IDC: Digital transformation of PH to transpire in next 3 to 4 years

Analyst firm IDC announced its top predictions for the Philippine ICT industry for 2017 and beyond, predicting that 25% of the top 1,000 local companies will see majority of their business depend on their ability to create digitally enhanced products, services, and experiences by 2020.

Image credit: ITU.int

Image credit: ITU.int

IDC said it expects digital transformation (DX) to attain macroeconomic scale over the next three to four years, changing the way organizations operate and reshaping the global economy and calls this as the dawn of the “DX Economy”.

“The rise of DX definitely has an incredible effect on the market. It opens massive opportunities for businesses as it helps strengthen relationships with end users, flattens organizational structures, and redefines traditional industries,” said Jubert Alberto, business operations head at IDC Philippines.

IDC Philippines’ technology and industry analysts also revealed the strategic top predictions and major technology trends that are set to present opportunities and challenges to IT leaders in 2017 and beyond.

#1: DX economy. By 2020, 25% of top 1,000 companies in the Philippines will see the majority of their businesses depend on their ability to create digitally enhanced products, services, and experiences.

The market dynamics are quickly changing, and the enterprise must continually improve productivity and effectiveness while lowering costs in order to enable a transformation that will allow it to best compete in the constantly evolving market environment.

“Year 2020 will see Filipino companies level up their DX journey to a macroeconomic scale, as their ability to offer digitally transformed offerings and experiences becomes an important measure of competitiveness and success in the market,” said Karen Rondon, research manager for enterprise computing at IDC Asia-Pacific.

#2: Pinoy DX teams. By 2018, 25% of Philippine organizations will have dedicated digital transformation/innovation teams.

“These specialized ‘PH DX teams’ will be in charge of formulating plans both for internal and external applications of digital technology.
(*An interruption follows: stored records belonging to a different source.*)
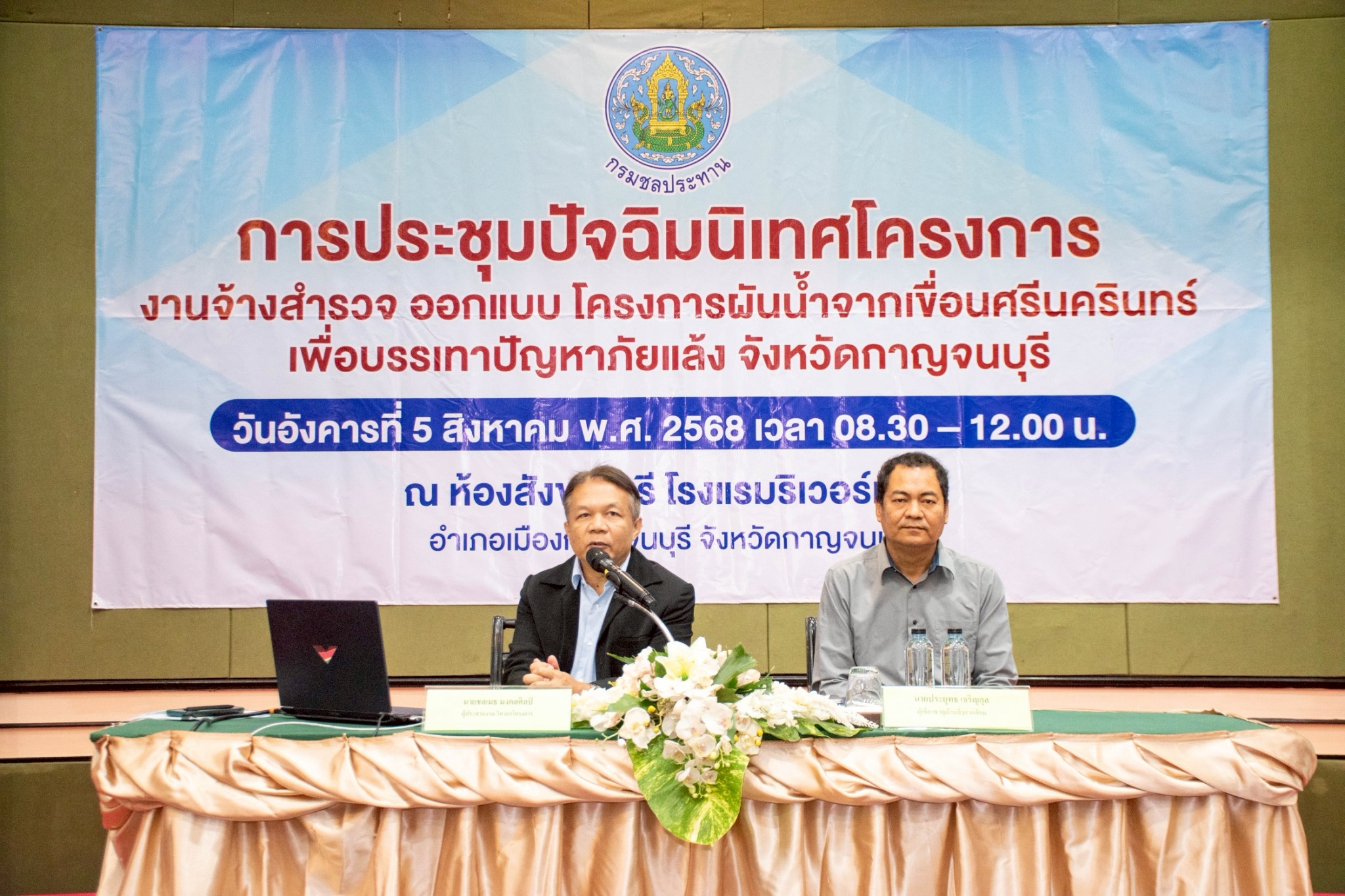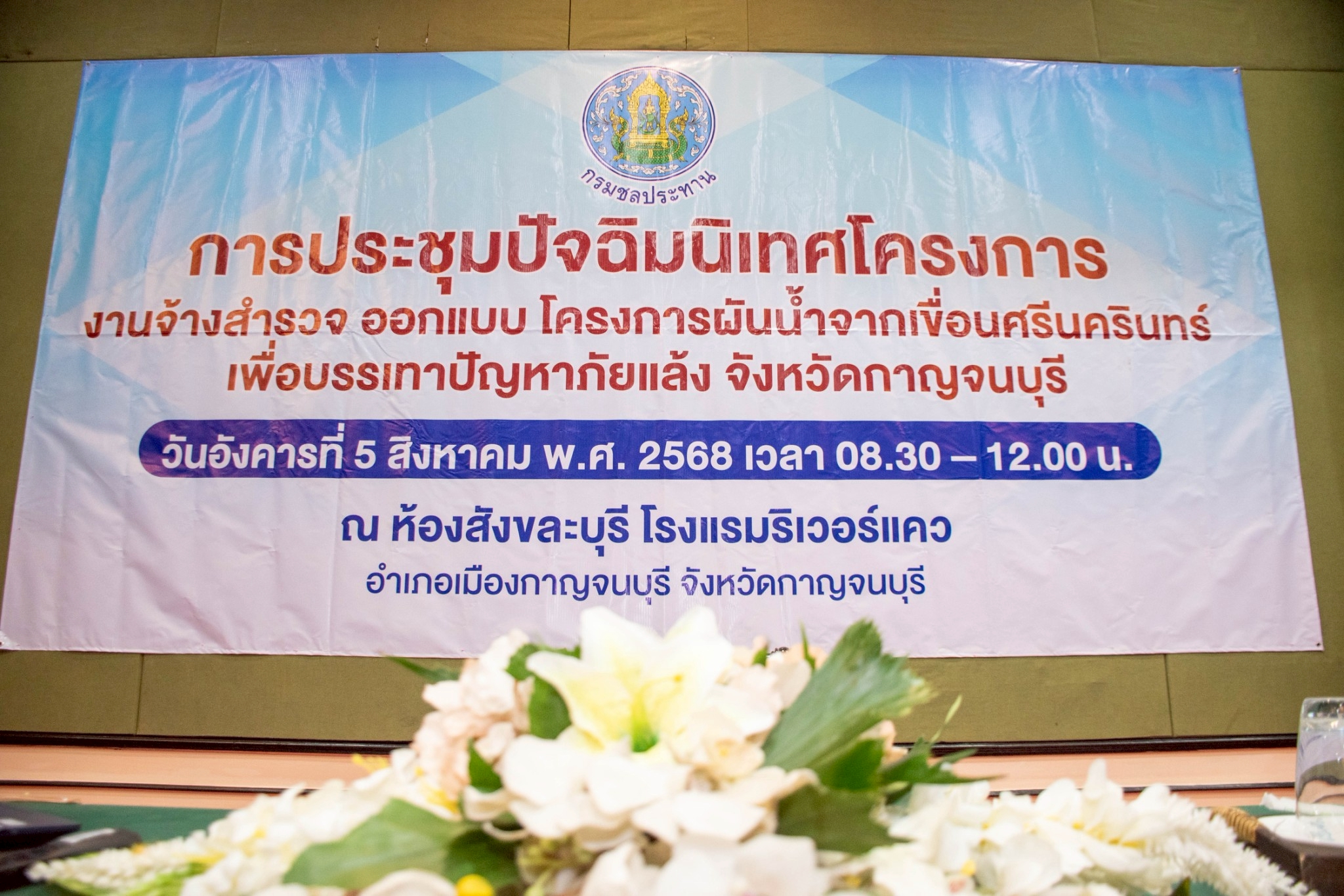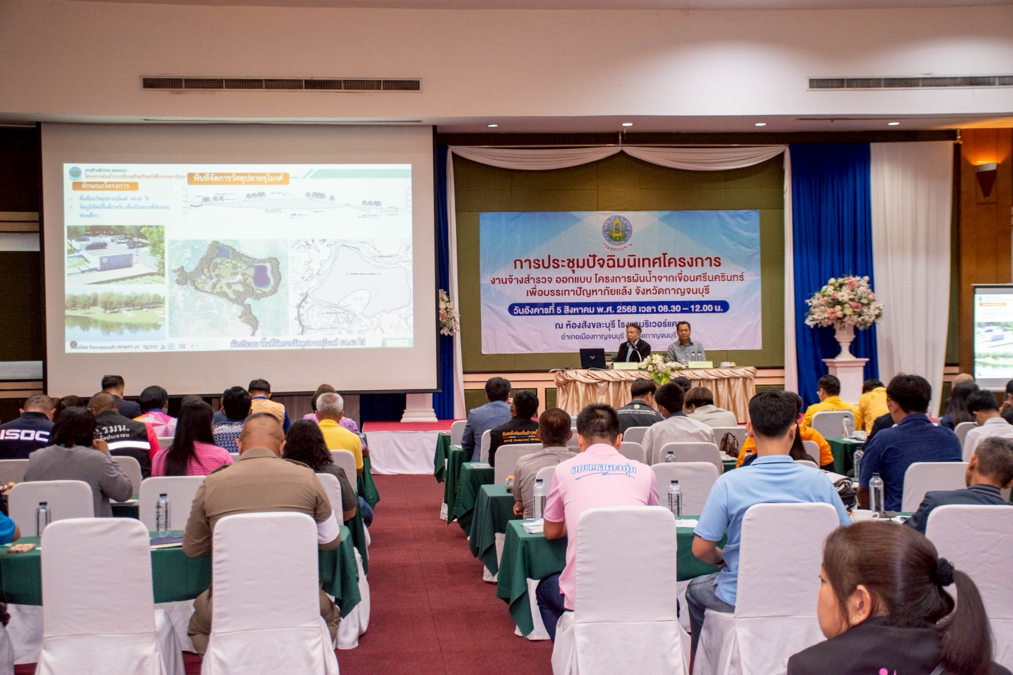 กรมชลประทาน ร่วมกับ กิจการร่วมค้า PFWFT JV ได้จัดให้มีการปัจฉิมนิเทศโครงการ งานจ้างสำรวจ ออกแบบ โครงการผันน้ำจากเขื่อนศรีนครินทร์เพื่อบรรเทาปัญหาภัยแล้ง จังหวัดกาญจนบุรี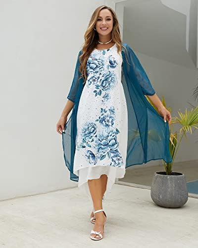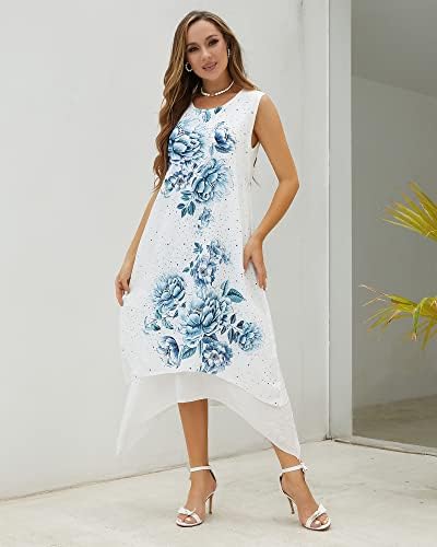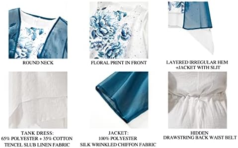 – Unique Design: The Women’s 2 Piece Linen Dress Set features a round neck, 2 layered ruffle irregular hem, floral print, loose-fitting sleeveless tank dress, and a sheer long ruffled cardigan/cover up/jacket with a slit. It also has a hidden drawstring waist belt at the back for adjusting the waist.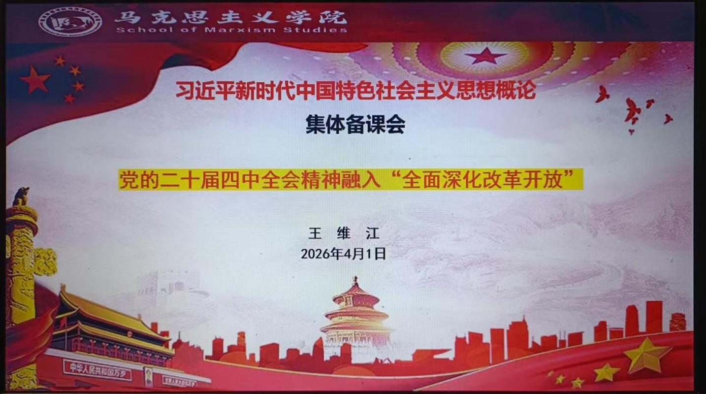 为进一步贯彻落实党的二十届四中全会精神和学校思政课质量提升年的要求,发挥教学团队的整体力量,持续提升课堂教学质量和育人效果,2026年4月1日晚,《习近平新时代中国特色社会主义思想概论》教研室通过腾讯会议组织教师开展了一次集体备课会。本次集体备课会由教研室主任王维江主持,教研室16位任课教师参会,马克思主义学院副院长陈祖召同志与会指导。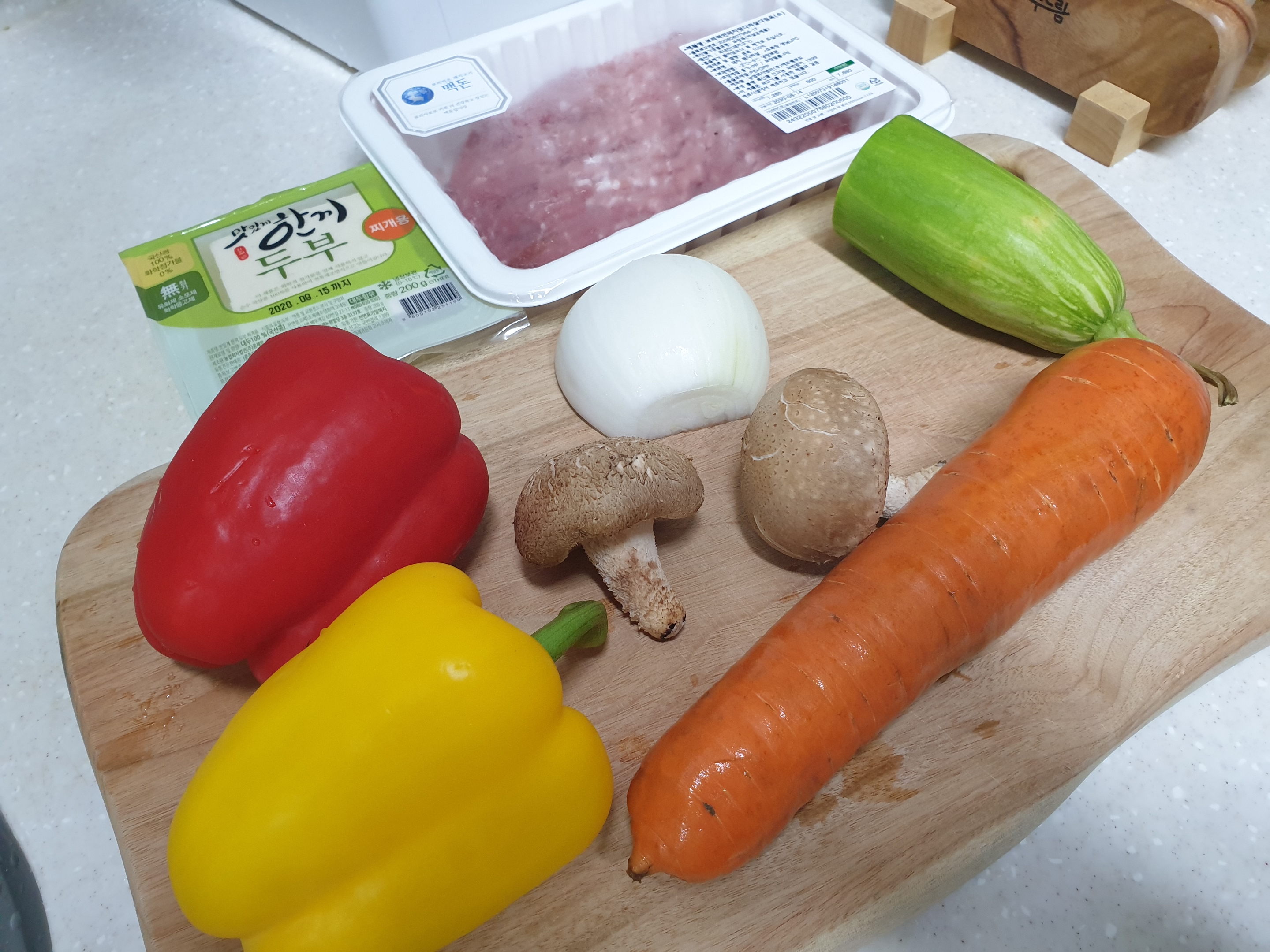 <recipe> 파프리카, 양파, 애호박, 표고버섯, 당근, 다진고기, 두부, 소금, 파슬리가루, 후추

These include identifying and using new technologies to improve operations, creating digital marketing strategies, developing their IT capabilities, and other related initiatives,” said Jan Edward Tañeca, market analyst for imaging, printing, document solutions (IPDS) at IDC Philippines.

#3: More strategic ICT push. By 2021, the government will have a more strategic ICT push to enable technology adoption among Philippine organizations.

Year 2016 has been a good year as far as the country’s ICT agenda is concerned. According to the latest findings of the United Nations E-Government Survey, the Philippines went up 24 notches to rank 71st out of 193 countries in e-government development. With a dedicated, centralized agency at the helm of the country’s ICT development, IDC said it sees that by 2021, the government will be able to lay the much-needed groundwork that would enable robust technology adoption among Philippine organizations and raise the nation’s standards to be on par with other digital economies.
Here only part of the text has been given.